There are several variations in neural networks, each suitable for a particular kind of data input. Standard and convolutional neural networks work well on static data, such as static image where entire data is analysed all at once.

However, when data is dynamic and sequentially organised such as video frames or stock market values, a variant called Recurrent Neural Network (RNN) is employed. LSTM (Long Short-Term Memory) is a subset of RNNs.

As the name suggests, LSTM networks have ‘memory’ of previous states of the data. This memory is selectively tuned to remember only chosen parts of past data, even for a long time. In applications where predictions depend on previous values of data, LSTM finds great relevance.
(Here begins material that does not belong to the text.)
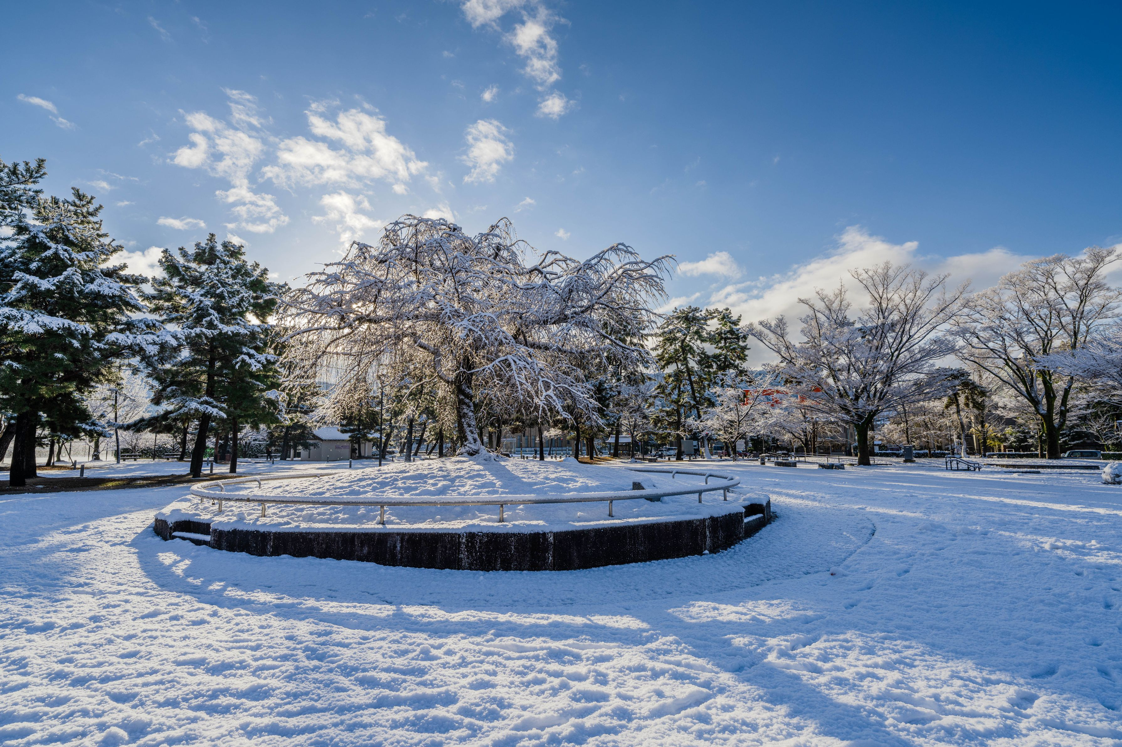 平安神宮前の岡崎公園の様子です。 この日は夜に降った雪で、白銀の世界でした。 春になると美しい姿の紅枝垂桜が違って見えました。

Keras and TensorFlow implementations of LSTM are extensively used in sequential prediction applications such as auto-response suggestions in emails, stock value predictions and speech/writing recognition.


  • How do LSTM networks differ from recurrent neural networks?
    RNN vs LSTM. Source: Cheung 2018.
    RNN vs LSTM. Source: Cheung 2018.

    In conventional feed-forward NN, all data values are considered equally important, irrespective of whether a day old or months old. This works fine for reading image data sets to differentiate a cat from a dog. But while dealing with time series data where every value is time stamped, relevance of data continuously reduces with passage of time.
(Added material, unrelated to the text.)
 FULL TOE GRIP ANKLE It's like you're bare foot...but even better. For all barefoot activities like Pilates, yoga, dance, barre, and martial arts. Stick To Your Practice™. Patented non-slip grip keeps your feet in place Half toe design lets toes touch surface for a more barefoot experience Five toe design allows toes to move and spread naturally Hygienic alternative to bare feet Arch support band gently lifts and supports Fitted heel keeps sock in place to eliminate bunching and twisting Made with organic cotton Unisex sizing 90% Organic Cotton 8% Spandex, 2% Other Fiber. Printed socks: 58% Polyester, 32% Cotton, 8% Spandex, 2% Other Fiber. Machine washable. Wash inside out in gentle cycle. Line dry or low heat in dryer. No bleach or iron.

    RNN can handle data dependencies, but within short time intervals. This is achieved by feeding the output of the hidden layer h(t−1) through a conceptual delay block back into the input of hidden layer. However, RNN aren’t fully effective with time-sensitive data because of the vanishing gradient problem.

    LSTM networks are a type of RNN which include a 'memory cell' that maintains information in memory for long time periods. A set of gates is used to control when information enters the memory, when it's output, and when it's forgotten. This architecture lets them learn longer-term dependencies. To eliminate the vanishing (or exploding) gradient problem, the LSTM cell has a unique feature called Forget Gate. This helps in greatly reducing the multiplicative effect of small gradients.

  • What is the typical node structure of LSTM?
    LSTM node structure. Source: Cheung 2018.
    LSTM node structure. Source: Cheung 2018.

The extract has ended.